Use the HPC VM image

Use the HPC VM image, which incorporates best practices for running HPC applications on Google Cloud. These images are based on Rocky Linux 8 and are available at no additional cost on Google Cloud.

Disable automatic updates

Automatic updates can significantly and unpredictably degrade performance. To disable automatic updates, use the google_disable_automatic_updates metadata flag on VMs that use HPC VM images version v20240712 or later. Any VM image that has an HPC VM image as its base can also use this feature, for example, Slurm images.

For example, this setting affects dnf automatic package updates on the following image families:

HPC images, such as hpc-rocky-linux-8 (project cloud-hpc-image-public)
Slurm images, such as slurm-gcp-6-6-hpc-rocky-linux-8 (project schedmd-slurm-public)

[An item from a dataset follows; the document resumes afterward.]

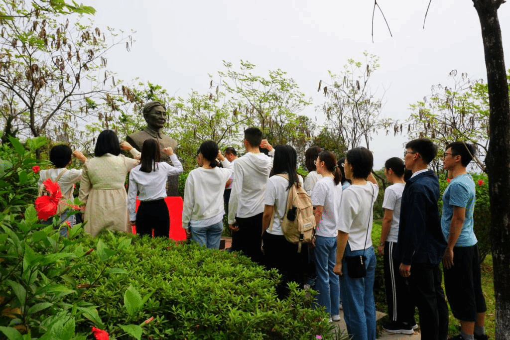 最后,许建鑫带领党员们在罗明同志塑像前庄严重温入党誓词。他表示,此次“清明追思•缅怀罗明同志”活动,是学院学习党史、坚定理念信念,传承革命先烈红色精神的重要方式,希望全体师生自觉把思想和行动统一到习近平总书记重要讲话精神和党中央的决策部署上来,认真学习革命先辈的英雄事迹,不断感悟革命先辈坚定理想信念、全心全意为人民,不惧生死、艰苦奋斗的宝贵精神,并以实际行动传承先烈精神,强化使命担当意识,不断推动法学与知识产权学院高质量发展,用实际行动献礼建党100周年。

Cluster Toolkit provides a convenient setting on relevant modules to set this metadata flag for you: allow_automatic_updates: false. Here is an example using the vm-instance module:

- id: workstation-rocky
  source: modules/compute/vm-instance
  use: [network]
  settings:
    allow_automatic_updates: false

Here is an example for a Slurm nodeset:

- id: dynamic_nodeset
  source: community/modules/compute/schedmd-slurm-gcp-v6-nodeset
  use: [network]
  settings:
    node_count_static: 1
    node_count_dynamic_max: 4
    allow_automatic_updates: false

Adjust HPC VM image tunings

To get the best performance on Google Cloud, use the following image tunings.

You can use the following sample command to manually configure a VM to run HPC workloads. However, Cluster Toolkit automatically handles all of this tuning when you use a cluster blueprint.

To create the VM manually, use the Google Cloud CLI and provide the following settings.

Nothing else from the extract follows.